Last month I suggested in Wall Street Traders Trust Computers, Why Don’t Lawyers? that the time has come to rely on automated document review in discovery. A comment by Keith H. Mullen of Winstead Attorneys raises a great question, which I address here. 

[I drafted this post before the New York Times article yesterday (5 March 2011), Armies of Expensive Lawyers, Replaced by Cheaper Software. I will discuss that at the end of this post.]

Mr. Mullen commented:

“Good comment and question. My first thought: predictive coding should be one screening tool – but like artificial intelligence, it is ‘artificial’ – at some point, there are subtle issues that even humans view differently – don’t reasonable people disagree? So, just as the artificial intelligence movement failed (even Susskind moved on), at some point it takes a human being to be the ultimate judge or screener. What do you think?”

I am not entirely sure of the ‘right’ response to Mr. Mullen’s comment. Consider how the TREC study, an e-discovery full-text evaluation sponsored by NIST, deals with document designation challenge. It names a senior law as the ‘topic authority’ who is the arbiter of document designations. By naming one and only one person with final say, TREC avoids the problem of conflicting expert opinions.

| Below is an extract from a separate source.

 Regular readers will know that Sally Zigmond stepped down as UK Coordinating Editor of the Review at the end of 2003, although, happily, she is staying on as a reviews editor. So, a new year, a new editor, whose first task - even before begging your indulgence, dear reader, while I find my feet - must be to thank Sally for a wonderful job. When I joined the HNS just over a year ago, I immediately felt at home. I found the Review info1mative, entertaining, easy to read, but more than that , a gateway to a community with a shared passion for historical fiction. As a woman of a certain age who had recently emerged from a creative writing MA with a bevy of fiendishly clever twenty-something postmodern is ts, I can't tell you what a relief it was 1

Mr. Mullen is indeed correct that two or more human experts often reach different conclusions. In a case with multiple topic authorities who do not agree on a document designation, I can think of two possibilities:

  • with enough work, they could reach unanimous agreement or
  • no amount of work suffices to reach unanimity.

If the former is true, then I suspect we could extract the underlying ‘know-how’ or logic and embed that logic in a computer system. Whether economics and practical considerations actually so allows is a different issue. If the latter is true, then presumably a majority vote of the experts wins.

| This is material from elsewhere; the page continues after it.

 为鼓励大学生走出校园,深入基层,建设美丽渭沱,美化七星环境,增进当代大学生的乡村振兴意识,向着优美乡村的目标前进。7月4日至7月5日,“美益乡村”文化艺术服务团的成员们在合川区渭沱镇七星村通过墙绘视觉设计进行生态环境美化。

“Majority wins” is bred in our bones but is not an empirically sound basis to reject the analysis of sufficiently sophisticated software, especially where that software embeds the heuristics of multiple experts. Given the cost of actually causing multiple topic authorities to review more than a small sample of documents, I suggest society is better off relying on computers.

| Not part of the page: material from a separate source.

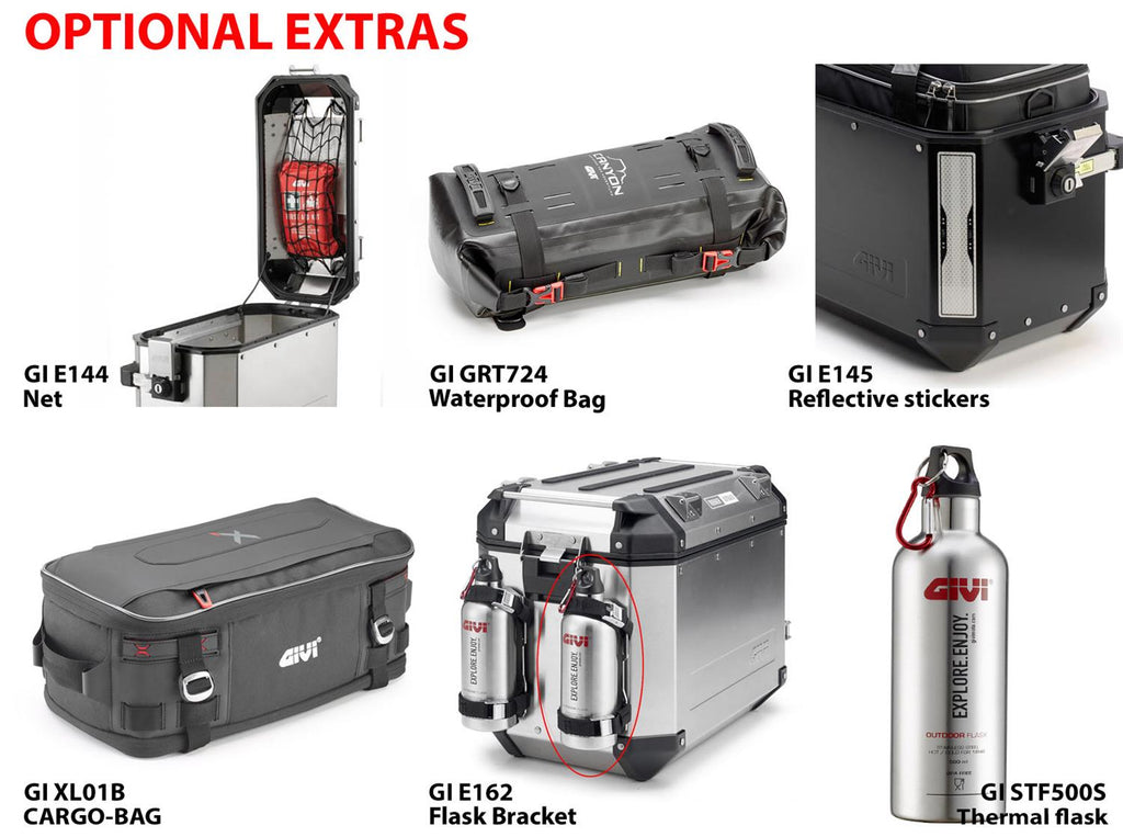 - HOLD IT EASY® SYSTEM: the Trekker Dolomiti has a hook system (patent pending) allowing it to be tilted without releasing it completely from the frame. This mechanical system has been specifically designed to prevent the cases from being accidentally dropped and to facilitate loading and unloading even if there is a bulky central top-case, which could make it difficult to access and open the lid. The "Hold It Easy System" is not compatible with some Monokey frame models (it is included with the case, but not supplied attached to the case).

If the experts mainly agreed and if computer designations frequently varied from the expert consensus, then I would reject computerized review. The limited empirical studies to date, however, suggest that experts rarely reach consensus and that computers are more consistent at document review. That is, computers may not t always get the right answer but that does not mean we are better off with the divergent views of multiple topic authorities.

So I will stick with the conclusion of my prior post that “courts should reverse the presumption. They should presume that predictive coding is reliable. The burden of proof should shift to predictive coding opponents to show that it is not reliable.” Let the proponents of human review explain to the court why diverging expert views is better than consistent computers.

The Times article does not present information new to e-discovery professionals It is important though because of the impact it might have on not just the substantive discussion but who is in on the discussion of predictive coding. When CEOs and CFOs read it, they may well ask their GCs, “are you doing that that articles talks about?” GCs will find that they likely have to explain and quantify the risk of relying more heavily on computers. Today, I suspect that many a GC is not well prepared for that conversation.